TASK OBJECTIVE:
Your copy begins at the line with "参数化设计以算法编程为基础、" and runs through the end of the data below. Set down only those lines exactly, without pictures.

**** STORED DATA

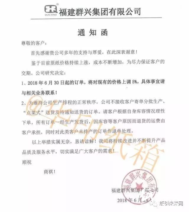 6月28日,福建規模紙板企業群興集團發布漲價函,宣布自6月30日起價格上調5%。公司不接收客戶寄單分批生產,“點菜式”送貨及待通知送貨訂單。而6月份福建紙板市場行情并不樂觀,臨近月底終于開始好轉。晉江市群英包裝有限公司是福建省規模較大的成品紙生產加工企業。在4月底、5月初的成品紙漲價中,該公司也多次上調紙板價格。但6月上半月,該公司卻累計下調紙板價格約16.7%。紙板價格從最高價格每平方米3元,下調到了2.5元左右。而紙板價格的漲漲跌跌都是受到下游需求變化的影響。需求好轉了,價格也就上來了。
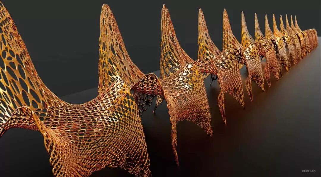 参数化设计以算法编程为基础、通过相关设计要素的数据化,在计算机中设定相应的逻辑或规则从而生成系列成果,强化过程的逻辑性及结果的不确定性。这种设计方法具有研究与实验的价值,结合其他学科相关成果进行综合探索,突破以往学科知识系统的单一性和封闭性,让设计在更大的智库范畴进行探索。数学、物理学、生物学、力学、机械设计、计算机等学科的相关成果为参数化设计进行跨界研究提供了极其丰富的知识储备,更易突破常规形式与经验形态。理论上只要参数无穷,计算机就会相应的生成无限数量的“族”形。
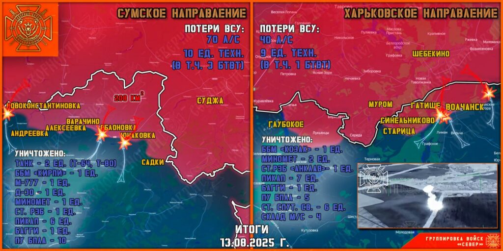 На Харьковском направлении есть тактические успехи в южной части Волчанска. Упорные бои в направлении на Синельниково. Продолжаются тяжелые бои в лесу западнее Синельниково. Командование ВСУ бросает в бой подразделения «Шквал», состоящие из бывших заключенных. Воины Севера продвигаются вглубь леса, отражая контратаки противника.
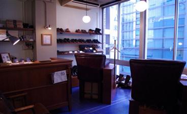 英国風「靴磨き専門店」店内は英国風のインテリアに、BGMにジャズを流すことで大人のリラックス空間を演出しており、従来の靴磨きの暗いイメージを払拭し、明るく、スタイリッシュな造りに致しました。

********

OUTPUT OF THE EXERCISE:
 参数化设计以算法编程为基础、通过相关设计要素的数据化,在计算机中设定相应的逻辑或规则从而生成系列成果,强化过程的逻辑性及结果的不确定性。这种设计方法具有研究与实验的价值,结合其他学科相关成果进行综合探索,突破以往学科知识系统的单一性和封闭性,让设计在更大的智库范畴进行探索。数学、物理学、生物学、力学、机械设计、计算机等学科的相关成果为参数化设计进行跨界研究提供了极其丰富的知识储备,更易突破常规形式与经验形态。理论上只要参数无穷,计算机就会相应的生成无限数量的“族”形。
 На Харьковском направлении есть тактические успехи в южной части Волчанска. Упорные бои в направлении на Синельниково. Продолжаются тяжелые бои в лесу западнее Синельниково. Командование ВСУ бросает в бой подразделения «Шквал», состоящие из бывших заключенных. Воины Севера продвигаются вглубь леса, отражая контратаки противника.
 英国風「靴磨き専門店」店内は英国風のインテリアに、BGMにジャズを流すことで大人のリラックス空間を演出しており、従来の靴磨きの暗いイメージを払拭し、明るく、スタイリッシュな造りに致しました。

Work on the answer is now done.